Every day sightseers make their way to lower Manhattan to take pictures of the ruins of the World Trade Centre. Many hold their cameras at arm's length, studying the image on tiny screens. For this is the age of the digital camera, when pictures can be scrutinised while snapping, then edited on screen, sent to friends and relatives, and printed out from distant PCs.
The digital revolution has come upon the world of photography pretty quickly. I can remember just three years ago sending my first digital images by e-mail attachment - from a hotel room in Mongolia - to The Irish Times picture desk. You can bet there is hardly a correspondent today in Peshawar or the Panshir Valley who does not have a digital camera in his or her equipment.
All revolutions sweep over the old, and this one is no exception. Up to now the concept of instant photography was synonymous with the word Polaroid, defined in Webster's Dictionary as "the first brand of instant camera". The clunky Polaroid apparatus was - and still is to some extent - popular at the beach or at weddings, and as a tool of estate agents and insurance adjusters.
But on Monday the Polaroid company filed for bankruptcy at a court in Wilmington, Delaware, citing debts of almost $1 billion (€1.1 billion). For too long, it seems, the "pod had got the nod" at Polaroid headquarters. The pod is the little sealed cachet inside the Polaroid camera which bursts when a picture is taken and spreads developing liquid over a chemical-coated negative, allowing the film to develop instantly. The saying "the pod gets the nod" is popular among workers at Polaroid, according to the Boston Herald, and meant simply that no other technology got full company backing if it was not centred round the core business of instant cameras which used the pod.
It was the undoing of the company but it is not hard to understand the reluctance to move away from a sure-fire winner. Invented more than half a century ago by Harvard University dropout Edwin H. Land, the Polaroid quickly became the number-one instant camera in the world and held that position for several decades.
Edwin Land was a brilliant innovator, second only to Edison. He registered 535 patents for inventions which resulted in 3-D glasses, the U2 spy plane and glare-free sunglasses with lenses that could polarise light, that is make light rays move in parallel. He created a sensation when he introduced instant photographic imaging at the Optical Society of America meeting in New York on February 21st, 1947.
"While-you-wait" photography using cameras with built-in processing was not new. It had been used by itinerant beach and street photographers since the 19th century. Older readers may recall the rain-coated photographer with camera and tripod who plyed his trade on O'Connell Bridge in Dublin for many decades. But the technique was impractical for consumer use because of the messiness of handling liquid chemicals.
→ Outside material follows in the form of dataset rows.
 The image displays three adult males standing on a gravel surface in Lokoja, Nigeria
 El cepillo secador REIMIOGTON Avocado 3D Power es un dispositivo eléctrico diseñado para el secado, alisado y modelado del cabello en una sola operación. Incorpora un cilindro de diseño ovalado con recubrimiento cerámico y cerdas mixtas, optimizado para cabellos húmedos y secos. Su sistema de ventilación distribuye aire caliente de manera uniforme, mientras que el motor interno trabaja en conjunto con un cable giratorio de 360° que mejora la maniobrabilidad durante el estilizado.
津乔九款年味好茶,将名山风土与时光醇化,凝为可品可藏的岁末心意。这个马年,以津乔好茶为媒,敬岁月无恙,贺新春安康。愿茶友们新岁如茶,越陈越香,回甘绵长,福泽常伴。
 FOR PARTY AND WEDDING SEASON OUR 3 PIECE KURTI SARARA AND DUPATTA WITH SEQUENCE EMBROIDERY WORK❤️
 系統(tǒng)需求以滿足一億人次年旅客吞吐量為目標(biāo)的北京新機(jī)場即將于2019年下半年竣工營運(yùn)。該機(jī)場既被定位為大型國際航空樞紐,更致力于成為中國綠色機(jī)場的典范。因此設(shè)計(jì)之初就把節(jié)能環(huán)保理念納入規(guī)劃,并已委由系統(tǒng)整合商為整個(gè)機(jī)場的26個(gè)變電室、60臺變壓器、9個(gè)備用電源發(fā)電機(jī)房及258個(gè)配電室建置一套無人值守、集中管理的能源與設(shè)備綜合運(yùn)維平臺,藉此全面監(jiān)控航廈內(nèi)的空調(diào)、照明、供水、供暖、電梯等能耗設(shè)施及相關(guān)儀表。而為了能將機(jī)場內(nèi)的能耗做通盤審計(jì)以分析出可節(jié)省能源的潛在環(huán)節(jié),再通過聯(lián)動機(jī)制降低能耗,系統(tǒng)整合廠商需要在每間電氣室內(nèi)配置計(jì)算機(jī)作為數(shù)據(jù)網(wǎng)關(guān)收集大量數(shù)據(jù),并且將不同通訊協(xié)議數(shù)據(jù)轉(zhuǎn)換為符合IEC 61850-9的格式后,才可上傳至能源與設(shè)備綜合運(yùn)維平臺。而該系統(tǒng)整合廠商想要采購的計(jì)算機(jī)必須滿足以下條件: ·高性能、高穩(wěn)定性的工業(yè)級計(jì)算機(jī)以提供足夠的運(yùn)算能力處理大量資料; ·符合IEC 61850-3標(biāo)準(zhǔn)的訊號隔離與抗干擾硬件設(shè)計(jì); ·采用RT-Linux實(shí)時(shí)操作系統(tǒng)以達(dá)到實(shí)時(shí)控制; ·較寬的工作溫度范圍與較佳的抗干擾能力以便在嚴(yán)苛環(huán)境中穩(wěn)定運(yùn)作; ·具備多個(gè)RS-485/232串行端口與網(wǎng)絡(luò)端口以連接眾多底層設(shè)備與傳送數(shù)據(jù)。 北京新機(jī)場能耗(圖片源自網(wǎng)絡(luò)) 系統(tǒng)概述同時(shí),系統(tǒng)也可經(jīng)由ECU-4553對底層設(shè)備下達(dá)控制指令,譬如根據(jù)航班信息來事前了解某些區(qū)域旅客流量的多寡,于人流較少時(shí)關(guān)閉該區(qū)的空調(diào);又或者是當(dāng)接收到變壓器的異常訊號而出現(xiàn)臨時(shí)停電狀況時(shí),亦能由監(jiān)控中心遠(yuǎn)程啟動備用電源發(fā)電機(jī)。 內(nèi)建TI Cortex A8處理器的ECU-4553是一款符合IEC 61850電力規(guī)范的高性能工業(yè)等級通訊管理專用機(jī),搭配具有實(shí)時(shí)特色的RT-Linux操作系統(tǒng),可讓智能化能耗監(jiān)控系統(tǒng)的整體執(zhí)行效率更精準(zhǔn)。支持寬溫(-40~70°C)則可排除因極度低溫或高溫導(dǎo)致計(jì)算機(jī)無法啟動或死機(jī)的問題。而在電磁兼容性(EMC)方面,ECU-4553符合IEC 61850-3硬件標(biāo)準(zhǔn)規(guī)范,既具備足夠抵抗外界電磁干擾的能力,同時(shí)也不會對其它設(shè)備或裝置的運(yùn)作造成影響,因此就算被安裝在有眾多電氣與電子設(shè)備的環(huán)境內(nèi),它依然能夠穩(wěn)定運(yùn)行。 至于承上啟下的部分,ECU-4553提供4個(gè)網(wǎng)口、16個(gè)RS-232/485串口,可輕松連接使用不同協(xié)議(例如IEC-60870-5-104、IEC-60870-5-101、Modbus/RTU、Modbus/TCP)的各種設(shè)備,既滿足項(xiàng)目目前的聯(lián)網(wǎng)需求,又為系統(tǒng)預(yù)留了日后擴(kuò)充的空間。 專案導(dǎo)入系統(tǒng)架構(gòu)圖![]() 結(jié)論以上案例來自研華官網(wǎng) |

A year after dazzling the Optical Society, Land put his one-step Polaroid Model 95 on sale in Boston for $89.50 in 1948. It was instantly hailed as a revolution in photography unparalleled since the advent of roll film. Polaroid achieved $5 million in sales within 12 months.
By 1969 Polaroid sales exceeded $500 million. In 1972 the company introduced the SX-70, the first camera to let photographers watch colour pictures develop before their eyes on exposure to light. Throughout the 1970s and 1980s Polaroid was one of the "Nifty Fifty" bellweather favourites on Wall Street. It seemed growth would continue forever. By 1994, three years after Land died, aged 91, sales topped a staggering $2.3 billion.
But the slide started in 1996 and by 2000 sales had dropped to $1.85 billion. Already damaged by one-hour photo developing shops, the company could not compete with high-quality digital cameras. Polaroid actually was a pioneer in developing the digital camera in the mid-1990s but the pod still got the nod; not enough resources were put into developing and marketing the new thing. The creation of two digital photographic printers, Opal and Onyx, came too late. The end was as spectacular as the beginning.
In the first half of this year Polaroid's sales fell 25 per cent and it lost $200 million. The company's shares, worth $28 just 18 months ago, last traded at 28 cents.
On top of everything the company was struggling vainly with the legacy of $900 million in debt run up in 1988 to finance an employee stock plan and preferred stock option introduced to shake off a hostile bid from Walt Disney's nephew, Roy.
Polaroid Corporation is still the worldwide leader in instant imaging and supplies and sells sunglasses, digital imaging technology and secure identification systems worldwide. There are still millions of Polaroid cameras around, ensuring demand for instant film for years to come. However, having failed to find a buyer its seems that the once-great company will now be sold off piecemeal.
One-stop photography is a brilliant idea whose time has not yet run out. But it is being left behind by new inventions and its fall was probably inevitable. As Edwin Land himself once said: "Nature has neither rewards or punishments, only consequences."